Download this file: https://backmarket-data-jobs.s3-eu-west-1.amazonaws.com/data/product_catalog.csv
This technical assessment will be evaluated regarding these following points:
- Python Programming
- Clean code
- Interoperabilityæ
- Scalability
- Versioning
- Automatization
You can develop & refactor your code (using your versioning tool) following this pipeline:
- Download and read the file: product_catalog.csv locally
- Transform the file from CSV to Parquet format locally
- Separate the valid rows from the invalid ones into two separate files: the business wants only the product with an image but wants to archive the invalids rows
Now Back Market is growing so fast, what you would do to tackle the massive new CSV files?
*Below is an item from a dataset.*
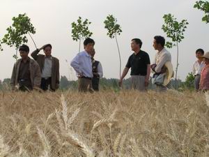 針對近日天氣狀況可能對麥收帶來不利影響的形 勢,潘村湖農場午收夏種指揮部于6月3日下午召開 緊急會議,要求各農業分場立足“早”字,突出 “搶”字,克服“靠干”思想,成熟一塊收獲一 塊,力爭把到手的糧食搶收上來。到3日晚上9點, 該場六分場已完成收獲任務的70%%。圖為韓大鳴場 長、殷文格副場長在田間指揮午收生產。(楊登宏)
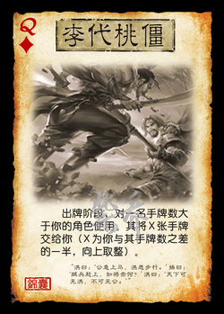 作用效果:目标对应的角色交给你X张手牌(X=[(其手牌数-你的手牌数+1)/2])。

Describe the next steps for your code to scale it up.
- Do not reinvent the wheel, take the hypothesis
- Think about the quality of the code
- Handle the common errors, what if we start again your code?
- Take the time you need
- Enjoy!
We have different options to scale the pipeline.
First using a distributed data processing framework such as spark, which would allow us to distribute the processing on multiple thread and instances.
We could compute the split on the dataframe with only the past x minutes of data and run the pipeline every x minutes.
pip install-r requirements.txt
pytest
pip install-r requirements.txt
export PYTHONPATH=.
python transformater/transform.py